Property-specific citations (required in addition to the primary):

Materials Project’s citation page lists over a dozen additional property-specific papers. The ones above are the most commonly needed.

Database version: MP explicitly recommends citing version strings like “Database version 2020_09_08” and the pymatgen version used. License: All content is under Creative Commons Attribution 4.0.

A complete Materials Project citation for elastic constant data needs at minimum three papers (Jain 2013, de Jong 2015, Ong 2013 if using pymatgen) plus a version string and access date.

What Does AFLOW Require?

AFLOW’s documentation page (aflow.org/documentation) specifies that users downloading via the REST API must cite: Taylor, R. H. et al., “A RESTful API for exchanging materials data in the AFLOWLIB.org consortium.” Comput.

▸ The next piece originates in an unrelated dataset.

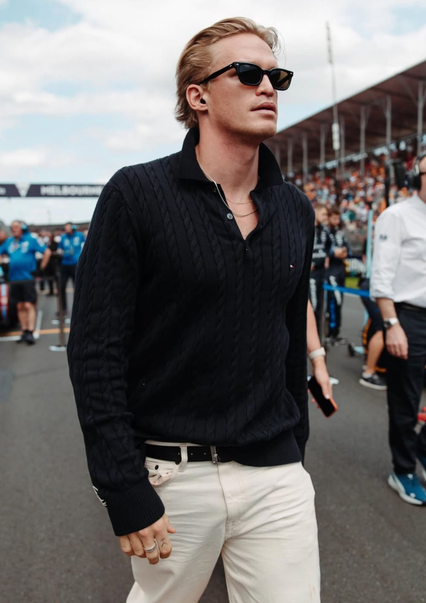 Materiais como linho, tricô e couro adicionam profundidade e enriquecem produções com discrição e sofisticação. A mistura de texturas cria interesse visual e transforma até os looks mais simples em composições mais elaboradas.

Mater. Sci. 93, 178–192 (2014). doi:10.1016/j.commatsci.2014.05.014

AFLOW identifies entries using Aflowlib Unique Identifiers (AUIDs). Include the AUID in your methods text when referencing specific entries. Additional foundational papers for AFLOW and AFLOWLIB are listed on aflow.org. Check the current list before submitting; the required citations have expanded as the project has grown.

At minimum, cite Taylor et al. 2014 for any data downloaded via the AFLOW API, plus the AUID for each specific entry you reference.

What About OQMD and JARVIS-DFT?

Both databases publish citation requirements on their respective sites: oqmd.org for OQMD (Wolverton group, Northwestern) and jarvis.nist.gov for JARVIS-DFT (Choudhary, NIST).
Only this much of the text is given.